Ceven Trail: 10 Ingrédients pour une victoire!

 

Voici comment résumer ce Ceven Trail en 10 ingrédients.

Ceux qui m’ont permis d’aller chercher la victoire avec un maximum de plaisir ce jour là!

 

Ingrédient numéro 1: La prépa!

En route pour Paris, il nous fallait, avec Sissi une sortie longue à S- 2 ou S-3 pour parfaire la prépa.

Le Ceven Trail, placé deux semaines avant Paris était un peu long (62 kms et 2600+) mais en dosant les efforts, ce n’était pas une si mauvaise idée que ça…;-)

 

2/ Le cirque de Navacelles sur le parcours…

Impossible de résister à la tentation cette année d’aller se frotter à ce nouveau parcours qui me rapellerait mes années Cyclistes où j’allais me frotter lors de longues sorties vélo aux contours et cols autour du Cirque de Navacelles.

Trop envie de regoûter à ces endroits magiques…

Pour moi que des ondes positives, c’était sûr.

 

3/ une organisation au top et chaleuresuse.

On connaît très bien cette équipe d’organisation et leur savoir-faire en terme de tracé et d’accueil. Là encore, venir courir le Ceven trail, c’était certainement revenir avec de bons souvenirs.

Pari gagné. Une course vraiment fantastique, un tracé varié et audacieux, des paysages magnifiques.

 

4/ Un réveil décalé!

Départ à midi! Le must pour Sissi et moi!:-)
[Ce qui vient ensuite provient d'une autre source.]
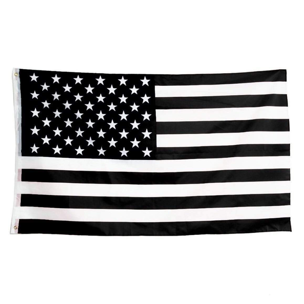 Gjord av slitstark polyester har den svartvita USA-flaggan förstärkta sömmar och dubbelvikta kanter. Dess metallöglor möjliggör enkel upphängning.

on peut petit-déjeuner tranquille!:-)

Et ne pas se réveiller avec les yeux collés! On est fan!

 

5/ Une course partagée.

Sans ambition au classement général, j’ai pris le temps de partager des bouts de route avec quelques coureurs dont François Thierry, nouveau recordman de la Sauta Roc que je ne connaissais pas!

Vraiment sympa!

Après une déroute ensemble et un scénario de course à chasser pour rattraper notre betise (on a perdu une belle poignée de minutes en plongeant sans regarder à gauche dans une vallée), il a bien fallu se serrer un peu les coudes et en rigoler!

 

6/ Quelques bouts droits pour bosser!

L’essentiel de la course « en dedans » pour ne pas lâcher trop de cartouches en vue de Paris. Quelques passages sur les plateaux (proches des Templiers) nous ont permis de bien bosser nos allures sur le plat. De belles montées à déguster sans se mettre dans le rouge, des descentes à gérer pour ne pas se casser les cuisses et des lignes droites pour mettre en route!

pas de doute, le boulot a été fait!

 

7/ Une fin de course en solitaire.

Revenu sur sébastien Bousquet au kilomètre 45 environ, j’ai pu savourer les 15 derniers kilomètres en solitaire.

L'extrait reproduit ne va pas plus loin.